WHAT TO WORK ON
Give back exactly the line that contains "Der Bereich „#Deine" and all the lines after it in the records below, to the very last, with no other output.

----------------------------------------

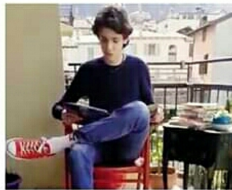
Anche i ragazzi hanno mandato video e fotografie
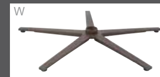
Sternfuß Bronze pulverbeschichtet
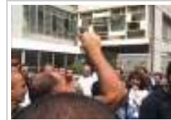
لبنان: مياومو كهرياء لبنان الأثنين ٣٠ يوليو ٢٠١٢
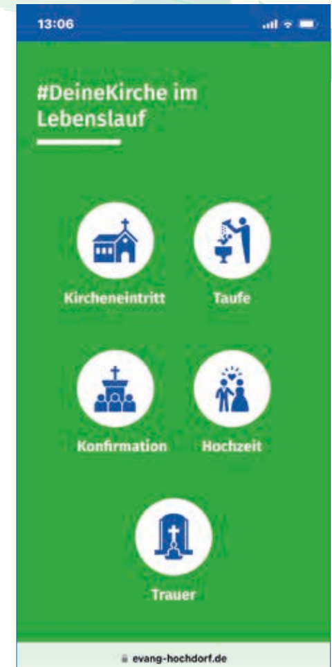
Der Bereich „#Deine Kirche im Lebenslauf“

Besonders wichtig war es uns, dass unsere neue Homepage immer aktuell ist. Deshalb arbeiten wir als Kirchengemeinde mittlerweile ausschließlich mit einem elektronischen Kalender, dessen Termine automatisch auf unsere Homepage übertragen werden und zwar genau dorthin, wo sie gebraucht werden. Im Bereich „#Deine Kirche im Lebenslauf“ finden Sie beispielsweise alle unsere zukünftigen Tauftermine bis Ende 2024. Oder im Bereich „Gemeindeleben“ finden Sie alle anstehenden Termine unserer Gruppen, Kreise und Musikschaffenden.

----------------------------------------

SOLUTION
Der Bereich „#Deine Kirche im Lebenslauf“

Besonders wichtig war es uns, dass unsere neue Homepage immer aktuell ist. Deshalb arbeiten wir als Kirchengemeinde mittlerweile ausschließlich mit einem elektronischen Kalender, dessen Termine automatisch auf unsere Homepage übertragen werden und zwar genau dorthin, wo sie gebraucht werden. Im Bereich „#Deine Kirche im Lebenslauf“ finden Sie beispielsweise alle unsere zukünftigen Tauftermine bis Ende 2024. Oder im Bereich „Gemeindeleben“ finden Sie alle anstehenden Termine unserer Gruppen, Kreise und Musikschaffenden.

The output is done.